# Snowbear brands



## plowbill (Oct 4, 2009)

Does anyone know how many brands that Snowbear sells. Their web site only talks about one brand, but I've seen several other plows made by them.


----------



## PhantomRacer (Dec 27, 2004)

One brand, but they have 3-4 different plows now. They used to have 1-2 but seem to be branching out a bit.


----------



## whiteowl (Nov 21, 2006)

I am aware of 2. Of course the main brand is Snowbear but I purchased a plow by the name of "Winterwolf" 5 or 6 years ago from Sams Club. All of the parts for it are supplied through Snowbear. But I haven't seen any in the stores for a few years so I don't know if they still build new ones under that name anymore.


----------



## sswt (Nov 22, 2009)

yep they still do........as of last year anyway, thats when mine was new


----------



## ArcticCat1 (Jan 12, 2009)

How do these plows work for you guys? I've heard good and bad about them.


----------



## sswt (Nov 22, 2009)

im pretty sold on mine so far....few minor things to sort out here and there, but for personal use its more then enough to get the job done


----------



## ArcticCat1 (Jan 12, 2009)

I bought the Winter Wolf model from Sams club at the end of last winter for $600 (it was the floor model) haven't had a chance to use yet!! Just waiting for snow!


----------



## sday88 (Feb 20, 2007)

I've got the ProShovel model that I bought at Home Depot a couple years ago and I love it.


----------



## PhantomRacer (Dec 27, 2004)

ArcticCat1;890757 said:


> How do these plows work for you guys? I've heard good and bad about them.
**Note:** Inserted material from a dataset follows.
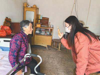 陕西省彬州市人社局工作人员上门为孤寡、残疾、行动不便的老年人群体进行养老保险待遇资格认证。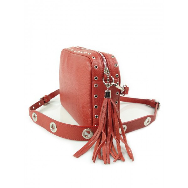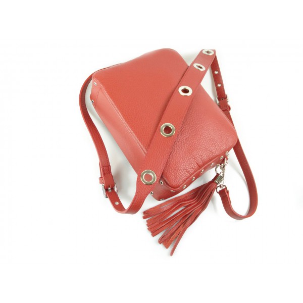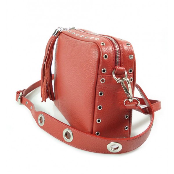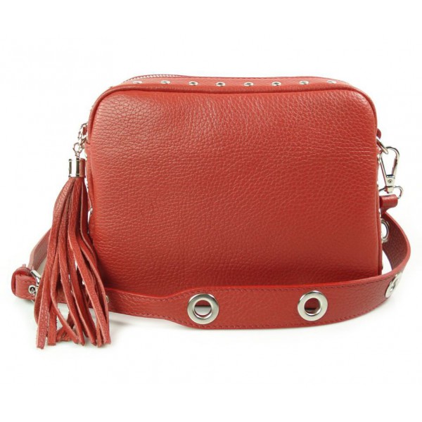 Listonoszka frędzelek, kółka ,dzety srebrne okucia Vera Pelle Czerwona VP1188R

They work great. Do a search. You will find the ones here that actually own them, like them. The only negative comments are generally from those who do not own and use it.

Paul


----------



## theoleskeeter (Dec 10, 2009)

*looking snowbear snowplow*

I've checked Home Depot site and the Sams club site and can find nothing on either plow whats with that? I have a 95 Dodge Dakota 3.9 six cyl 4x4 and am looking to plow my own driveway. what's out there for less than a grand???I really need some help here.


----------